SILVA, L. P., 1993. Erradicação do Sarampo: Uma Possibilidade Real? Revisão Crítica da Teoria e das Estratégias de Eliminação (Edmundo Juarez, orientador).

Tese de Mestrado, Rio de Janeiro: Escola Nacional de Saúde Pública, Fundação Oswaldo Cruz, 212 pp.

A presente dissertação propõe-se a discutir, como introdução, os aspectos relevantes da epidemiologia e do controle do sarampo, ressaltando sua importância como problema de saúde pública. Analisa as dificuldades de controle da doença, relacionadas à necessidade de altíssima cobertura vacinal e à dificuldade de se definir a idade ótima de vacinação com as vacinas disponíveis até o momento.

Em seguida, faz uma revisão dos diferentes programas de erradicação de doenças que foram levados a cabo neste século, finalizando com a proposta de eliminação de doenças imunopreveníveis do Programa Ampliado de Imunização da Organização Mundial da Saúde (PAI/OMS/OPAS).

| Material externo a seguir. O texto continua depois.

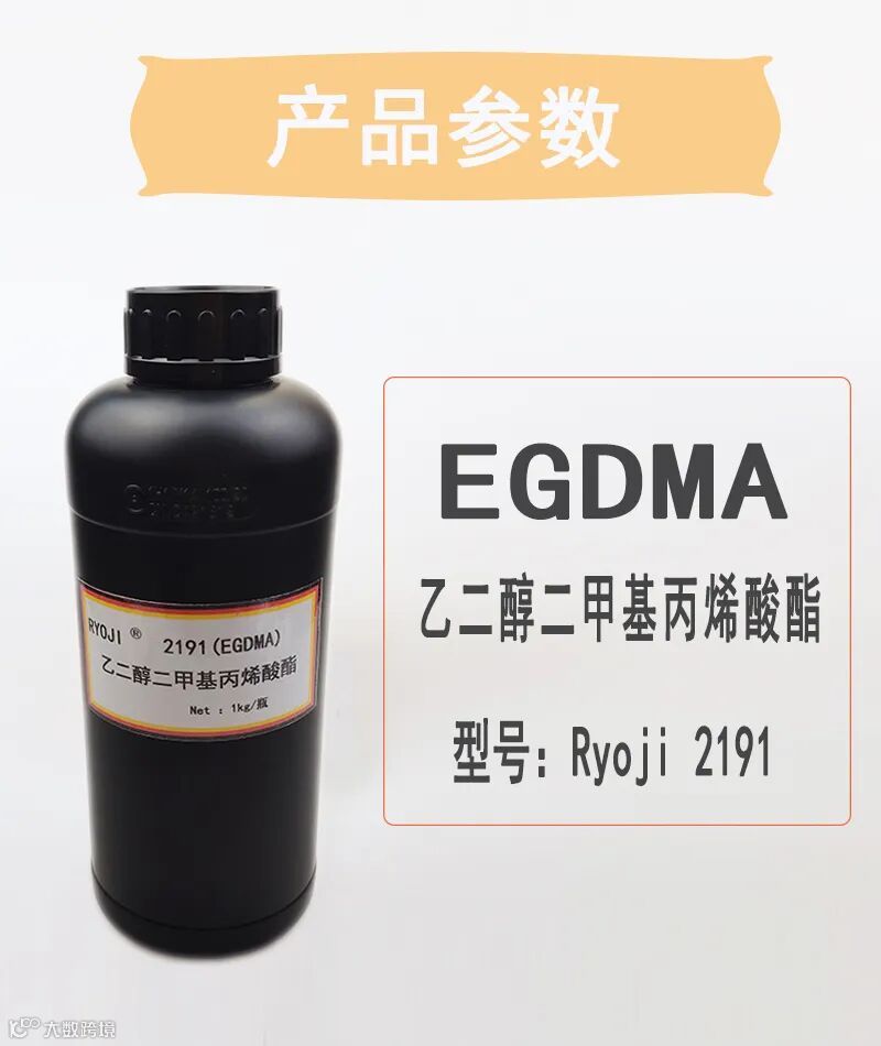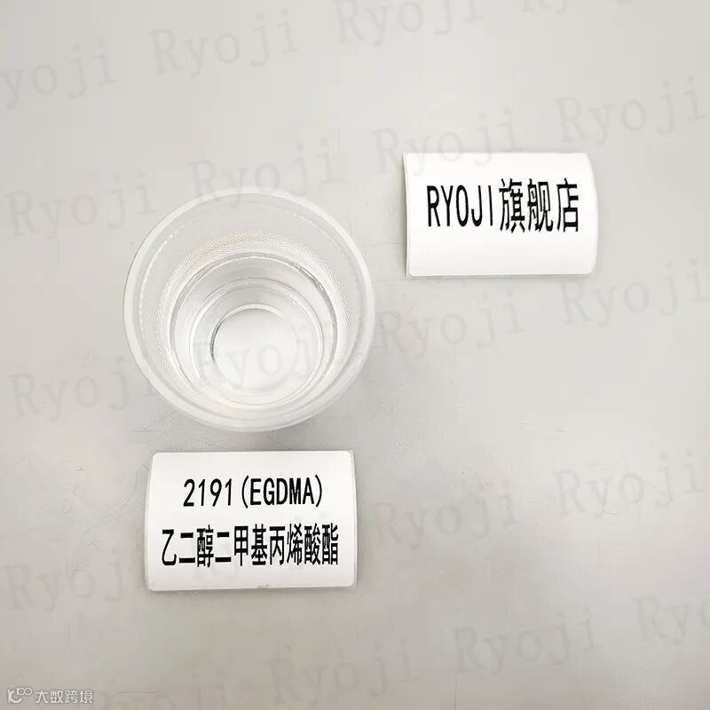 Ryoji良制2191- EGDMA是一种适用于光固化反应的甲基丙烯酸酯类单体,可用于UV涂料、UV油墨、UV胶粘剂等各种不饱和体系的UV聚合反应,也可以用于人造大理石、牙科材料、乳液共聚物、造纸、橡胶过氧硬化改性剂、粘合剂、油墨、光学聚合物的交联剂。
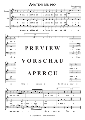 Amatemi ben mio - Sheet Music for Mixed choir SAT Luca Marenzio (1553 - 1599)

Para entender a dinâmica da doença e definir as melhores estratégias de vacinação, detém-se na análise da contribuição prestada pelos modelos matemáticos.

Retornando ao sarampo, apresenta as propostas de eliminação realizadas nos últimos anos em alguns países para, finalmente, recuperar informações sobre a epidemiologia e as tentativas de controle da doença no Brasil.

 


 

 

HARTZ, Z. M. A., 1993. Avaliação do Programa de Saúde Materno-Infantil (PMI) em uma área do Nordeste do Brasil (François Champagne, orientador & Maria do Carmo Leal, co-orientadora). Tese de Doutorado, Montreal: Universidade de Montreal.

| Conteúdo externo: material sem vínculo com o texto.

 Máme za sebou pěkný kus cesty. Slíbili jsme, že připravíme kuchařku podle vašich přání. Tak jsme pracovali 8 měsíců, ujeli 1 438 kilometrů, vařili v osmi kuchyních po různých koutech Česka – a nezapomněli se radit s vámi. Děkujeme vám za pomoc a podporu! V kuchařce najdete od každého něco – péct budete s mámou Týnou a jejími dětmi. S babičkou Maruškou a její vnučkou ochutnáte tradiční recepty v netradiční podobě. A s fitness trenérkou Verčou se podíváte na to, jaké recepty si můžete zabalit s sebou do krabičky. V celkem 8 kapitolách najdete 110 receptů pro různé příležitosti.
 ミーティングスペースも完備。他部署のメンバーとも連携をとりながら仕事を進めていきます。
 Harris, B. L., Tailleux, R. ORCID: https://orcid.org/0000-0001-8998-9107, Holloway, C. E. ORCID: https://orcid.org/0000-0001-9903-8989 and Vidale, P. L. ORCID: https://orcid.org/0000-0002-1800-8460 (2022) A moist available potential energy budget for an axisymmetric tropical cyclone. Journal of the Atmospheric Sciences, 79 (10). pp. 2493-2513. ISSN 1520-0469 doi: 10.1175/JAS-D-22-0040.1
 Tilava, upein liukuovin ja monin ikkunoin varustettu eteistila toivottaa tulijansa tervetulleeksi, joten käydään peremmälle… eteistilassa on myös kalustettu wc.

No Brasil os estudos sobre a efetividade do PMI, particularmente na perspectiva dos Sistemas locais de saude (SILOS), são raros. Considerando-se que os óbitos dos menores de um ano são ocorrências evitáveis pela qualidade da atenção à saúde — "evento sentinela" — construímos e testamos um modelo teórico para análise de implantação do PMI em dois estudos de caso no Nordeste, onde prevalecem as mais altas taxas de mortalidade infantil do Brasil. Inicialmente estimamos o grau de integridade das ações implantadas, com seus condicionantes contextuais, e, em seguida, verificamos sua influência sobre o perfil da mortalidade infantil (baseado em busca ativa e investigação epidemiológica dos óbitos).

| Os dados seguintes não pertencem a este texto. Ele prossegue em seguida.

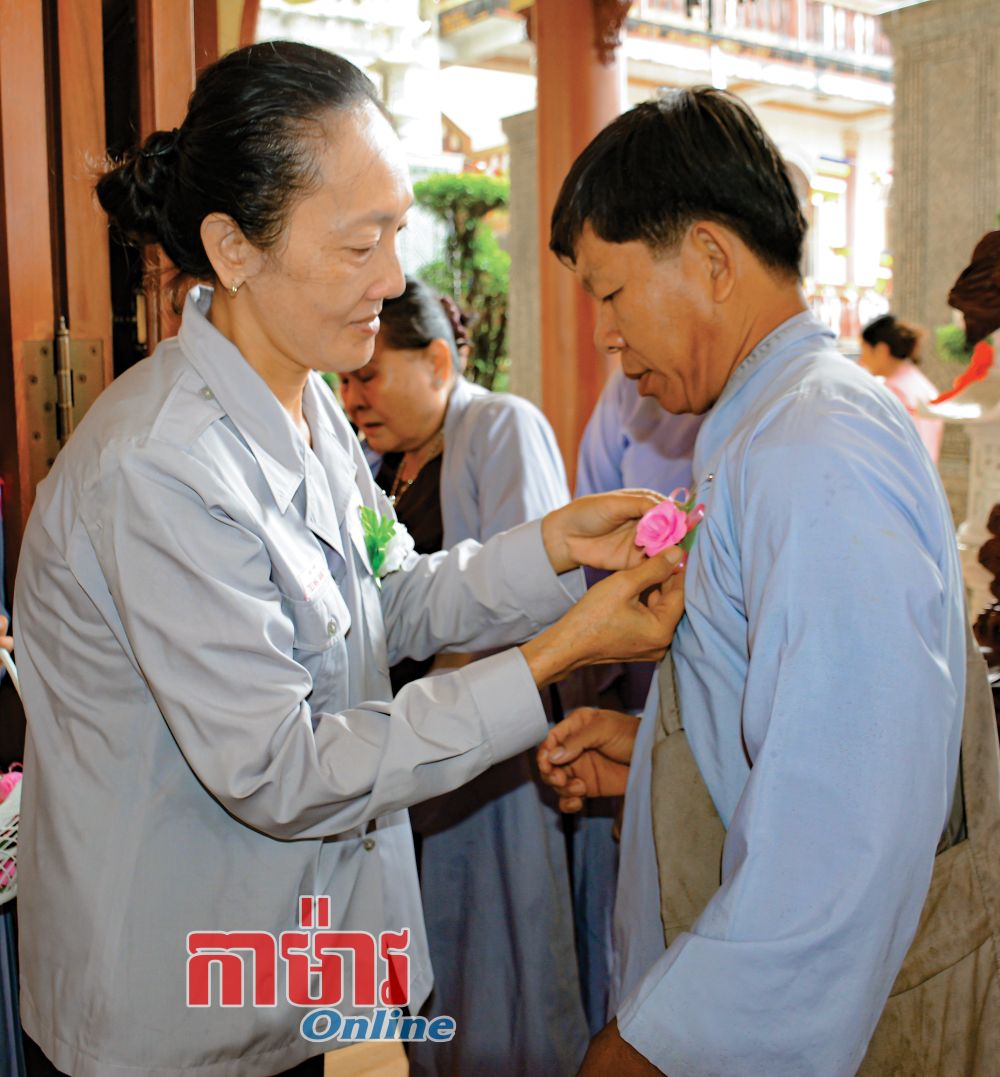ពិធីបំពាក់ផ្កាកុលាបជូនពុទ្ធបរិស័ទ។
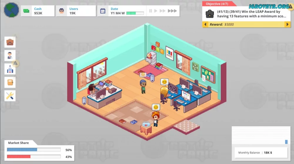 Startup Panic – это захватывающий симулятор разработчика программного обеспечения, который погрузит вас в мир стартапов и бизнеса. Вам предстоит пройти сложный путь от начинающего предпринимателя до владельца успешной IT-компании. Готовы ли вы стать новым гигантом индустрии?

Os resultados demonstram que o nível de implantação das ações não é satisfatório, sendo crítico (< 40%) no que concerne ao planejamento e à gestão. Na explicação dos achados, a falta de coordenação e consenso na rede de serviços e a baixa capacidade de adaptação destas organizações às mudanças do Sistema de Saúde aparecem como os principais elementos contextuais. O uso de um índice de óbitos preveníveis e os diferenciais de mortalidade observados apontam que pelo menos metade dos óbitos poderia ser evitada com um projeto de garantia de qualidade para o programa nos Silos, nele incluído a vigilância à saúde dos grupos com maior risco de morrer.